## WHAT THE TASK ASKS
From the material below, copy exactly the lines beginning with the one that contains "Our Evening Edition" and ending with the one that contains "12月7日晚,2019年第二"; the pictures stay out.

-- Opening Marker --

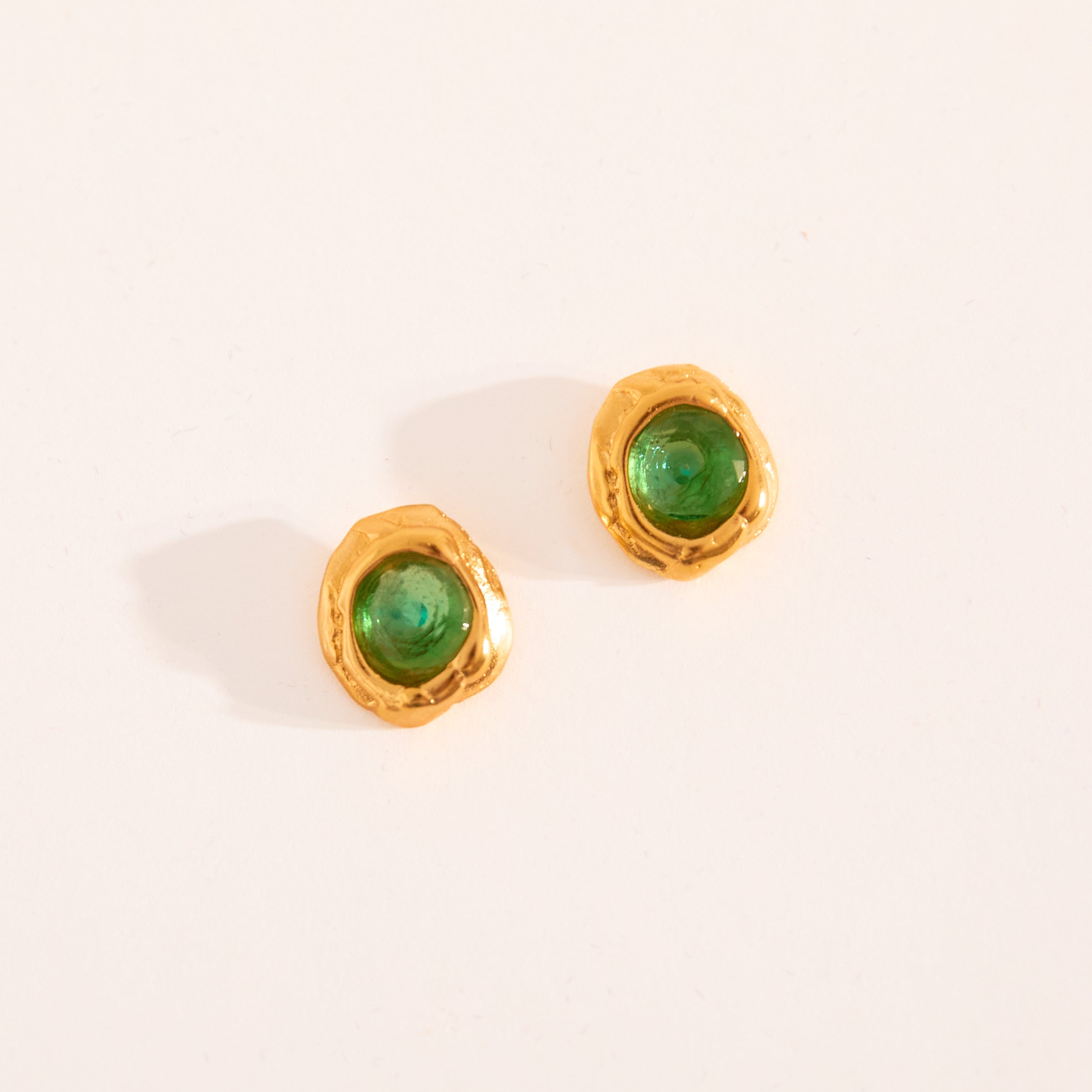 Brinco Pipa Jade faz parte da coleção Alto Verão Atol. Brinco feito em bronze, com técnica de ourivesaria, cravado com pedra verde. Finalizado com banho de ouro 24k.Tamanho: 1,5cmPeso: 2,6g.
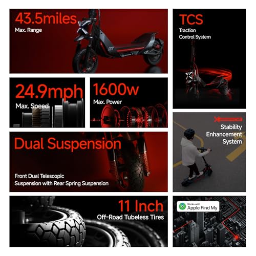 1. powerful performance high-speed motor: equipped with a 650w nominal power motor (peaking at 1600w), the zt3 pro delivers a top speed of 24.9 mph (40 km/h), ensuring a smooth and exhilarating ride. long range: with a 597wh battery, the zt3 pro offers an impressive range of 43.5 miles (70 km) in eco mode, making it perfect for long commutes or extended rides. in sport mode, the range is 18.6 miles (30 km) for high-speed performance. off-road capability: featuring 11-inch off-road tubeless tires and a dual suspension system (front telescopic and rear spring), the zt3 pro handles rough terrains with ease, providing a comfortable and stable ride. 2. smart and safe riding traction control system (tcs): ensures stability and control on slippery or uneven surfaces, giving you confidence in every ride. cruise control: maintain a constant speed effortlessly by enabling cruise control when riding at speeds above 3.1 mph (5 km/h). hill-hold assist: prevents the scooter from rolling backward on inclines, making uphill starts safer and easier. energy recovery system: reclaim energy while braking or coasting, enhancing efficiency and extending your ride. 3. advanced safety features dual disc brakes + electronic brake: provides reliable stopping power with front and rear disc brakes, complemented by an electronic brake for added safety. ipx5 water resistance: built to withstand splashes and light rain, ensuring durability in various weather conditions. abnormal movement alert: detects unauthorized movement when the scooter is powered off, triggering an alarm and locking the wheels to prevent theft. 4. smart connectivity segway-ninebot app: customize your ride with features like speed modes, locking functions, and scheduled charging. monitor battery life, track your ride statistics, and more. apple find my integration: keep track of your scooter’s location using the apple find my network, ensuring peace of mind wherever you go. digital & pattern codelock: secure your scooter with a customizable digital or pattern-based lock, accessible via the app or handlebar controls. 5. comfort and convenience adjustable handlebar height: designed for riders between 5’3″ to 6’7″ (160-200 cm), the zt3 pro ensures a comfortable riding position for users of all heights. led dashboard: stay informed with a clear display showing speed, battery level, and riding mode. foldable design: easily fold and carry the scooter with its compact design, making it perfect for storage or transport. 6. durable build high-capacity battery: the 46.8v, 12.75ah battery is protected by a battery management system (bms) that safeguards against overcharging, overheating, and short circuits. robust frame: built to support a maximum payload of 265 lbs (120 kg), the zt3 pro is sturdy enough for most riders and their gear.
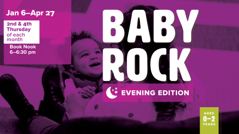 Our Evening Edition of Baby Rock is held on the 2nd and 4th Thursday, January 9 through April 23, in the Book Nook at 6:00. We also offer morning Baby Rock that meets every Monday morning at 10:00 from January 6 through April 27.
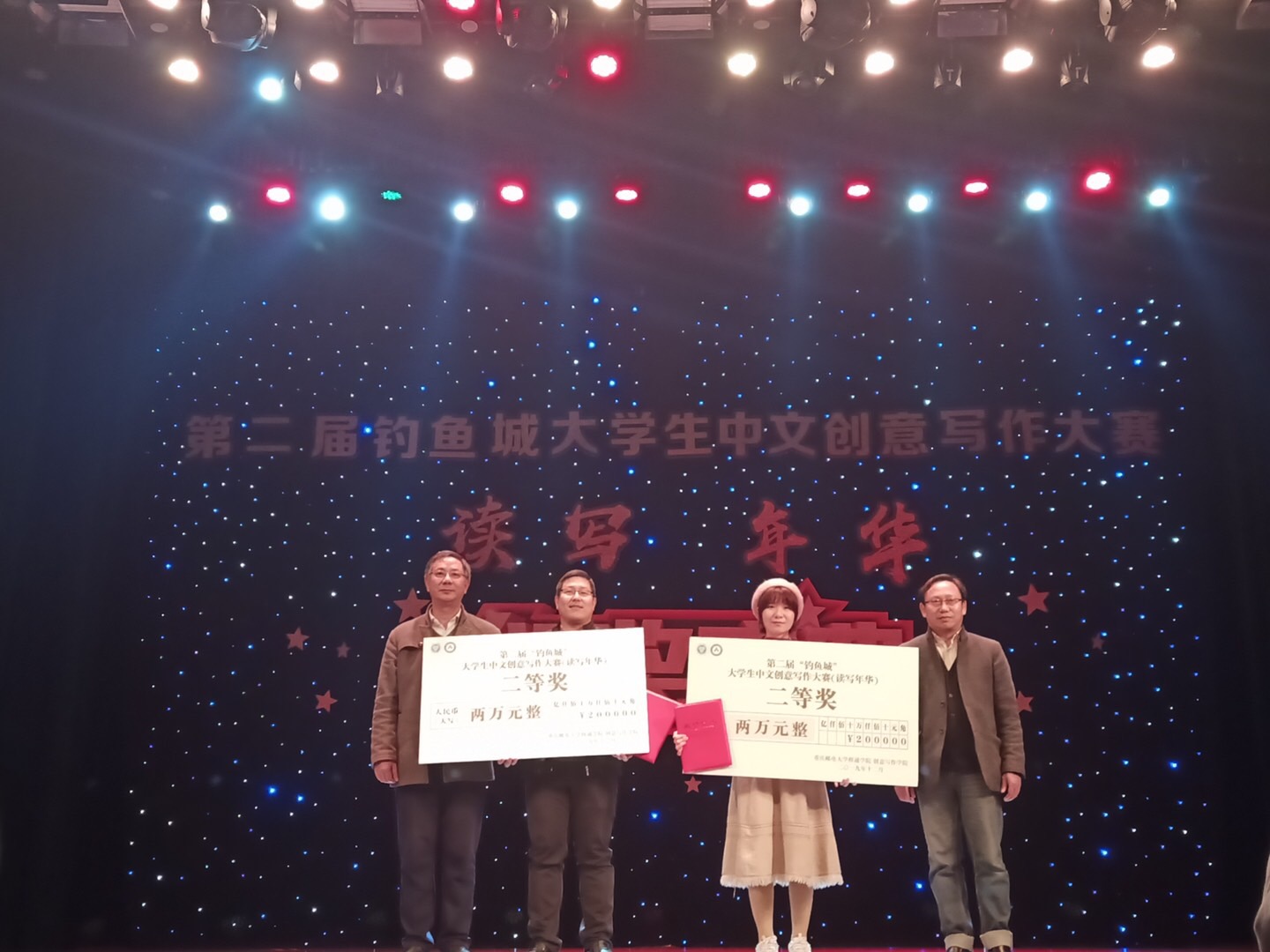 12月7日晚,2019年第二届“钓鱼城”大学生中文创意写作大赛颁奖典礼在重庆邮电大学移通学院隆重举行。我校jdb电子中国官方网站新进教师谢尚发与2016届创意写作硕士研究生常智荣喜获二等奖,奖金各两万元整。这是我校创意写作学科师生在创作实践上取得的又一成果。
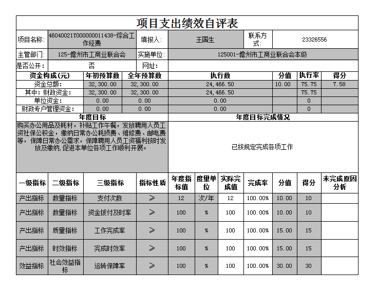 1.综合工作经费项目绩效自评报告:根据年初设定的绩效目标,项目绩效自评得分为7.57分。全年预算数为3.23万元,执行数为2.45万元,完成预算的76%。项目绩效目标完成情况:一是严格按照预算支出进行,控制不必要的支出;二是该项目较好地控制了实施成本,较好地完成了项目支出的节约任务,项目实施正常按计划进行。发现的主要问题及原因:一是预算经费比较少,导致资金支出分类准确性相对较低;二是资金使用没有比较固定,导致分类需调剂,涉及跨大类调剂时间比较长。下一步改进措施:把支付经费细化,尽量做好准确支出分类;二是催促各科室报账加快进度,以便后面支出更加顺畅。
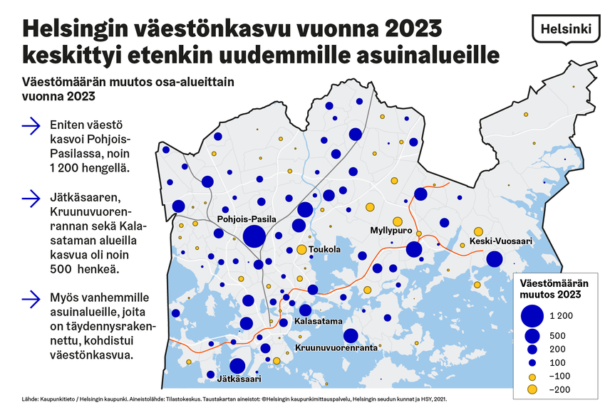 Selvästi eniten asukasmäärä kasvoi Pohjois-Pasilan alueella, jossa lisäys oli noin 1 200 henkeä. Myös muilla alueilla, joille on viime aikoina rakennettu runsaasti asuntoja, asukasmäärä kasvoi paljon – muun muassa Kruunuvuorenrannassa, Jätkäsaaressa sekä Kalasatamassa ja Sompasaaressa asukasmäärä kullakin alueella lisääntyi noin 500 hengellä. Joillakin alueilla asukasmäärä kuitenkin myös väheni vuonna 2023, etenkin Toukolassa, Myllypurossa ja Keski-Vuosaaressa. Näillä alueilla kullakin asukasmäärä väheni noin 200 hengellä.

-- Closing Marker --

## RESPONSE TO THE TASK
 Our Evening Edition of Baby Rock is held on the 2nd and 4th Thursday, January 9 through April 23, in the Book Nook at 6:00. We also offer morning Baby Rock that meets every Monday morning at 10:00 from January 6 through April 27.
 12月7日晚,2019年第二届“钓鱼城”大学生中文创意写作大赛颁奖典礼在重庆邮电大学移通学院隆重举行。我校jdb电子中国官方网站新进教师谢尚发与2016届创意写作硕士研究生常智荣喜获二等奖,奖金各两万元整。这是我校创意写作学科师生在创作实践上取得的又一成果。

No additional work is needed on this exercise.